The cartoons from national and international newspapers and publications unfold the historic events in India’s freedom struggle.


It is a journey back to tumultuous political events in pre-Independence India as seen by cartoonists of the time featuring Gandhiji. The cartoons published in national and international newspapers and publications unfold the historic events that formed part of the history of India’s Freedom Struggle.

The 100-odd panels of cartoons on Gandhiji published during his lifetime were displayed at the Government Training School at Kannur on Tuesday by the District Information and Public Relations Department as part of the Gandhi Jayanthi week celebration. Also exhibited are a few recent caricatures of Gandhiji drawn by noted cartoonists in the State.

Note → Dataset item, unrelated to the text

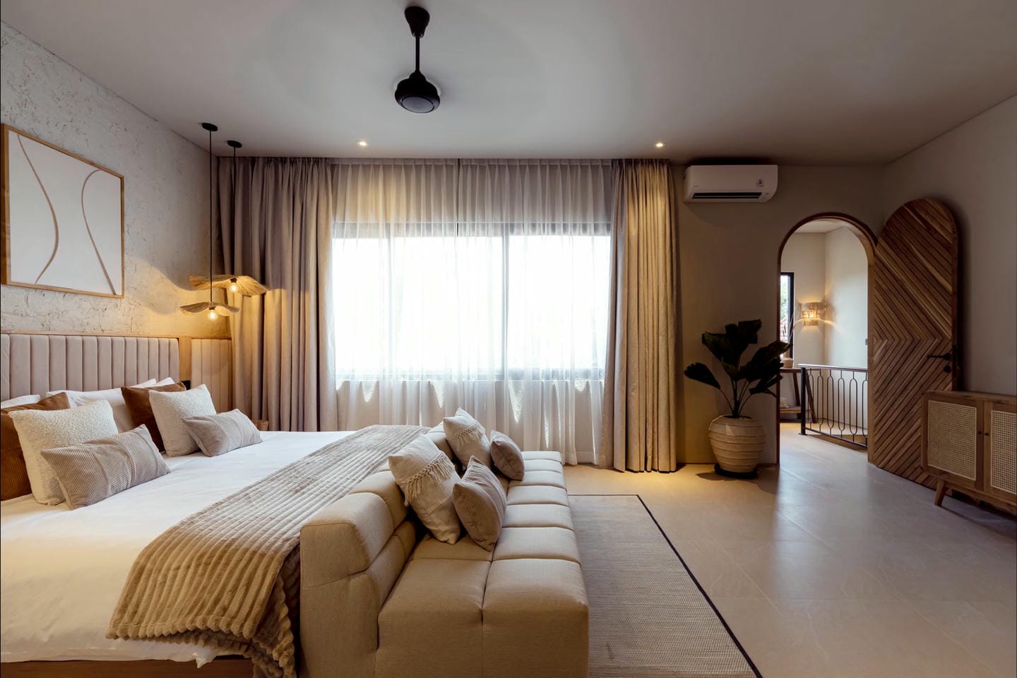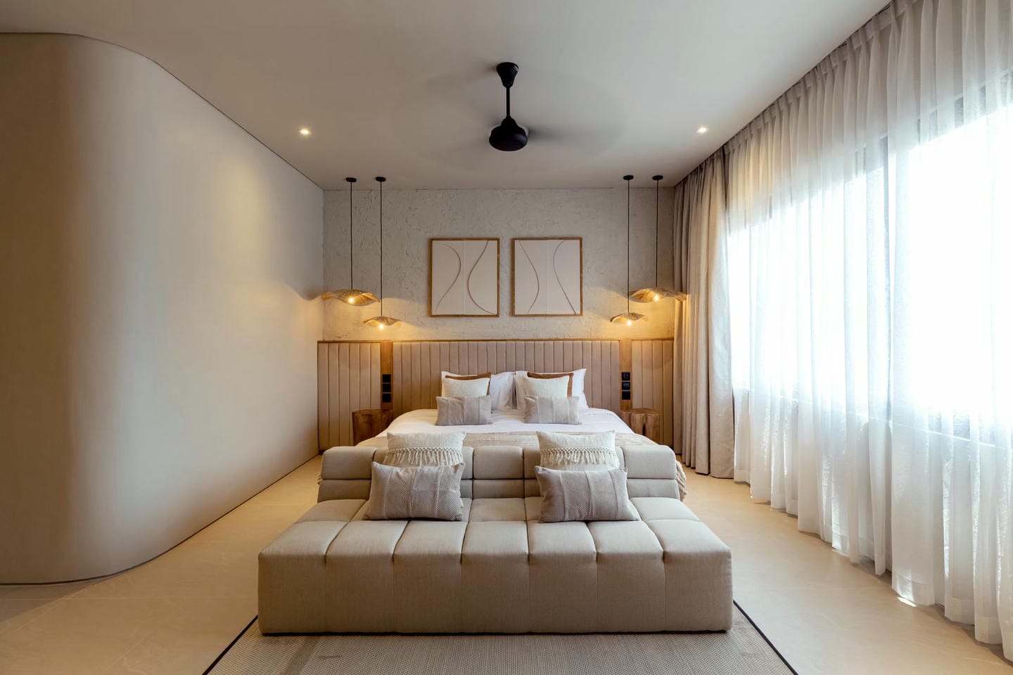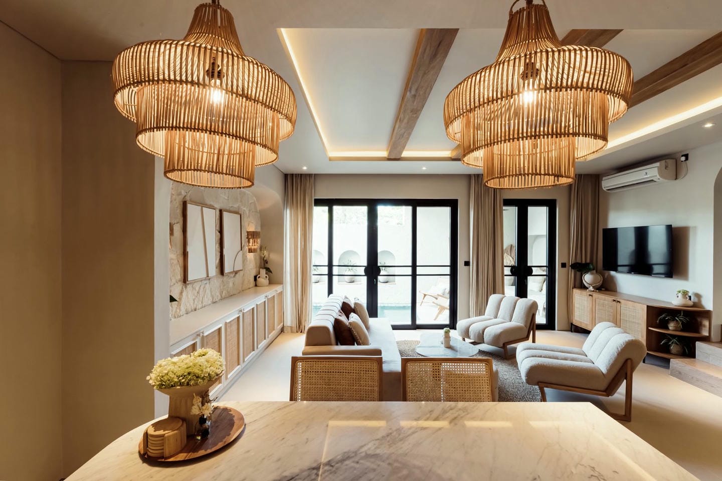 The living area is designed as a spacious and elegant open-plan space with a warm tropical ambiance. High ceilings with wooden beam accents and soft indirect lighting create a bright and inviting atmosphere. The space is styled in soft neutral tones with natural textures throughout. Large glass doors allow abundant natural light to fill the room while maintaining comfort and privacy. The layout flows seamlessly into the dining area and fully equipped kitchen, and is complemented by one elegant bedroom with an ensuite bathroom, making it ideal for both everyday living and entertaining.
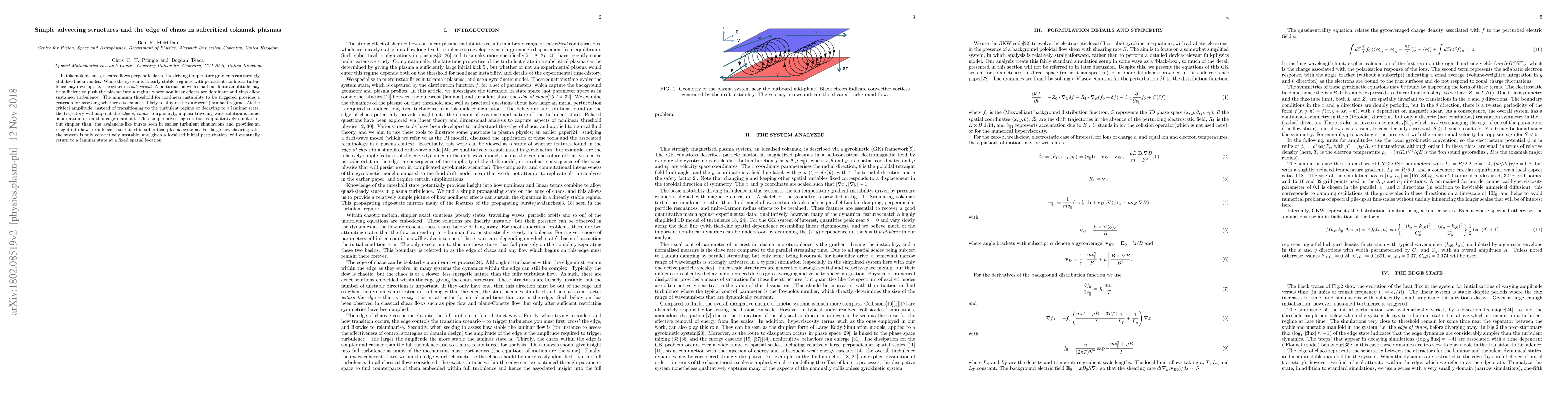 In tokamak plasmas, sheared flows perpendicular to the driving temperature gradients can strongly stabilize linear modes. While the system is linearly stable, regimes with persistent nonlinear turbulence may develop, i.e. the system is subcritical. A perturbation with small but finite amplitude may be sufficient to push the plasma into a regime where nonlinear effects are dominant and thus allow sustained turbulence. The minimum threshold for nonlinear instability to be triggered provides a criterion for assessing whether a tokamak is likely to stay in the quiescent (laminar) regime. At the critical amplitude, instead of transitioning to the turbulent regime or decaying to a laminar state, the trajectory will map out the edge of chaos. Surprisingly, a quasi-traveling-wave solution is found as an attractor on this edge manifold. This simple advecting solution is qualitatively similar to, but simpler than, the avalanche-like bursts seen in earlier turbulent simulations and provides an insight into how turbulence is sustained in subcritical plasma systems. For large flow shearing rate, the system is only convectively unstable, and given a localised initial perturbation, will eventually return to a laminar state at a fixed spatial location.

Many of the cartoons displayed at the exhibition could not have conveyed what they did at the time when they were published, if the organisers had not printed on the panels details of historical events the cartoons are referring to. Gandhiji’s renunciation of foreign clothes, Quit India resolution by the Congress, Simon Report, Civil Disobedience Movement, Salt Satyagraha, Round Table discussion and Gandhi-Irwin pact are among the political developments that the cartoons are based on.

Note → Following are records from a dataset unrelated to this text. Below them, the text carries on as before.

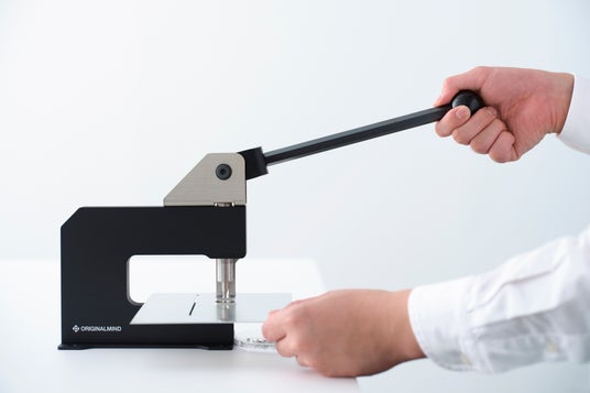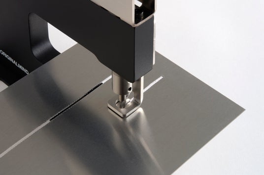 下穴いらずで、すぐに打ち抜き加工が可能。「GOIGOI2」は、材料をセットしてハンドルを下げるだけで、穴あけや追い抜き加工を自由自在に行うことができます。事前にドリルなどで、刃を通すための下穴をあける必要はありません。つくりたいカタチを思い描いたら、すぐその場で加工を始めることができます。
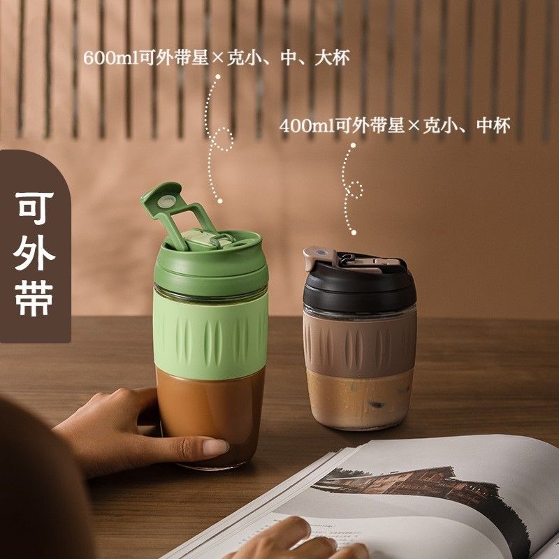 JEKO&JEKO Cốc Cà Phê Thủy Tinh Cốc Nước Cốc Ống Hút Cầm Tay Cho Nữ Cốc Cầm Tay Người Lớn Giá Trị Cao 400mLXanh Bơ
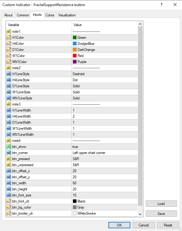 FractalSupportResistance button.mq4Ogee wrote: Mon Jun 29, 2020 7:58 pm the best S/R indy imo is this one which uses and colour codes levels off the Mn, Wk, D, H4 and H1 charts;
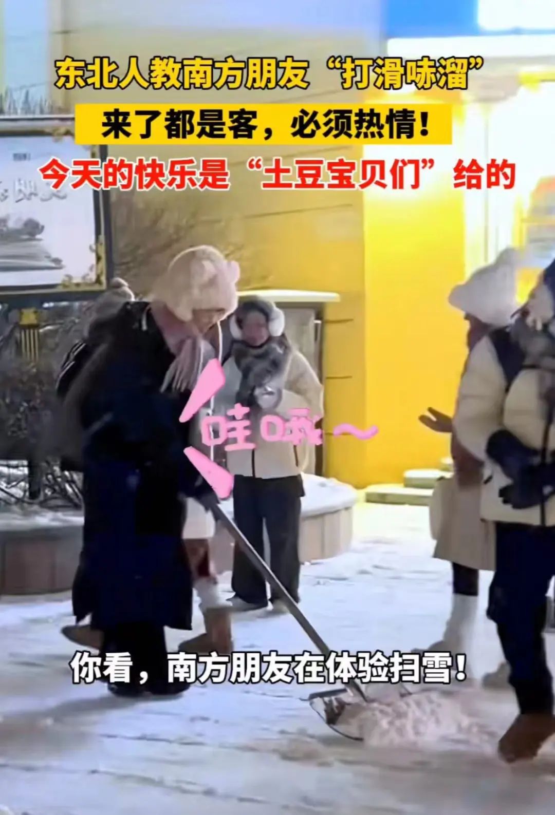 “南方小土豆”是大东北对南方游客的爱称,因为南方人大多身材瘦小,穿着浅色羽绒服,头戴可爱帽子,与高大、爱穿深色服装的当地人形成反差。继去年淄博掀起一阵“赶烤”热潮后,今年冬天,哈尔滨又因热情对待“南方小土豆”圈粉无数。同程旅行数据显示,刚过去的2024年元旦假期,哈尔滨旅游热度环比上涨240%,预计当地这波旅游热潮还将延续至寒假和春节。
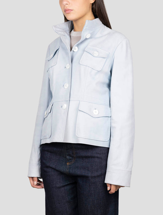 Kiton Premium Handmade Light Blue Leather Coat - Italian Women's

The cartoons included those of great cartoonists of the time such as Shankar of The Hindustan Times, Vikram Verma of Dawn, David Low of Evening Standard, Harison of Review of Reviews, Renolds of Morning Post, Struber of Daily Express and J.C. Hill of Auckland Star, among others. There are also many cartoons of R.K. Laxman.

A cartoon critical of Gandhiji and his satyagraha published in the Morning Post portrays him as sitting on the Viceroy’s throne.

In another cartoon published in the Evening Standard, the subject was the Salt Satyagraha.

It portrays Gandhiji as asking Lord Irwin ‘May I offer you some salt?’, while the latter is shown as pondering with pepper in his hands: ‘How should I pass him the pepper?’

There are also some cartoons by U.S. cartoonists of the time that offer an American perspective on the political developments that led to the Independence.

District Information and Public Relations Officer P.P. Chandran said that the collection of panels would be offered to schools and other educational institutions for display.

The objective of holding the cartoon display was to allow people to see Gandhiji through the eyes of the cartoonists, he said.